Many of these innovations fit the long-anticipated model of personalized medicine, moving healthcare from treatments based on populations to treatments customized for individuals. New data sources and analytic methods may offer the precision to make these ambitions possible in the near future.

“We need to do a better job of finding small subgroups within a group of things that look the same,” Silverstein said.

Ian Foster, director of the Computation Institute, demonstrated how solutions developed for fields, such as physics and astronomy, that struggled with “big data” problems before medicine can help health care researchers find new discoveries within their own data flood. As an example of the challenges, he showed a diagram from CI Senior Fellow Funmi Olopade, which illustrated the tangled web of data movement between dozens of different resources and personnel working with her cancer genetics laboratory.

“One of the biggest obstacles to data-driven biomedicine and science is that data is not easily shareable,” Foster said. “We don’t have the equivalent of Facebook or Flickr for data.”

But cloud computing advances made by CI research center Globus and the Genomic Data Commons (led by CI Senior Fellow and Faculty Robert Grossman) promise to untangle these knots. Globus allows researchers to easily move, share, and publish large amounts of data, and through its Globus Genomics platform, scientists can also analyze data in the cloud, using virtual computers from Amazon. The Genomic Data Commons will gather all available cancer data into a single resource so that researchers can compute over the information to find new treatments and discoveries.

“Individuals can no longer eyeball a petabyte of data and extract meaning from it,” Foster said. “You need computers to extract knowledge from it.”

Rayid Ghani, director of the Center for Data Science and Public Policy (DSaPP) and the Data Science for Social Good (DSSG) fellowship, put health care into the broader context of the “big data” era and what has been accomplished so far.
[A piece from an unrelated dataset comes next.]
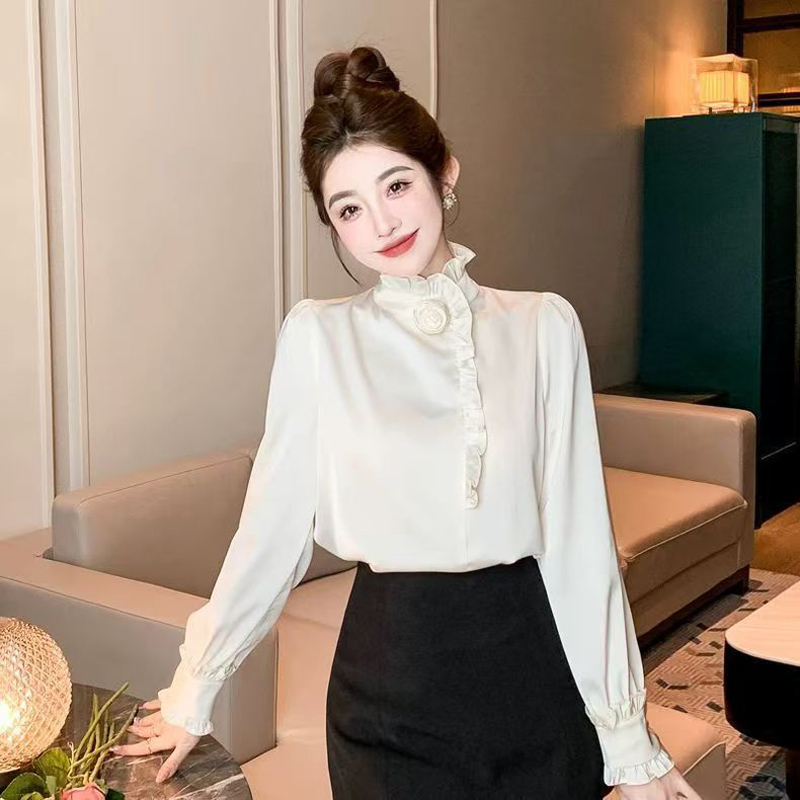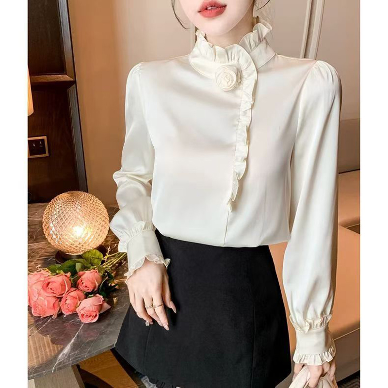 YF7089-图片色甜美时尚立体玫瑰花荷叶边小众新款长袖立领宽松春秋上衣

Though the amount of data has grown in recent years, most of the statistical methods used on that data are decades old, Ghani said, and mostly used for the same basic reasons: description, detection of patterns or anomalies, and predictions. For health care and other fields, the next step will be moving beyond prediction to intervention, he argued.

“After prediction, what’s next?,” Ghani asked. “Prediction is useful and interesting but often not enough in isolation, because if you can’t do something about it, can’t change a phenomena or behavior, you’re just watching.”

To illustrate the difference, Ghani talked about his group’s work with the Chicago Department of Public Health on preventing lead poisoning in local children. Currently, the CDPH inspects a home for lead only after a child is found to have elevated blood levels — “using kids as sensors, that’s the unfortunate state of the art today,” Ghani said. But a DSSG project in 2014 and subsequent work by DSaPP created a predictive model that identifies homes at high risk of contamination, and children at risk of poisoning, before exposure occurs. Crucially, the model will now be used by CDPH to deploy home inspectors and by physicians to identify children that may require earlier or more frequent blood tests, transitioning the work from research to real world impact.

While these early success stories with medical data demonstrated the great promise of the approach, it also showed how much work was left to be done. Audience questions for the panel focused on the political barriers to data sharing, particularly in a medical environment where patient privacy must be protected. But with the great incentives — both financial and humanitarian — around health care, further innovations are likely for how health care data is collected, managed, analyzed, and applied.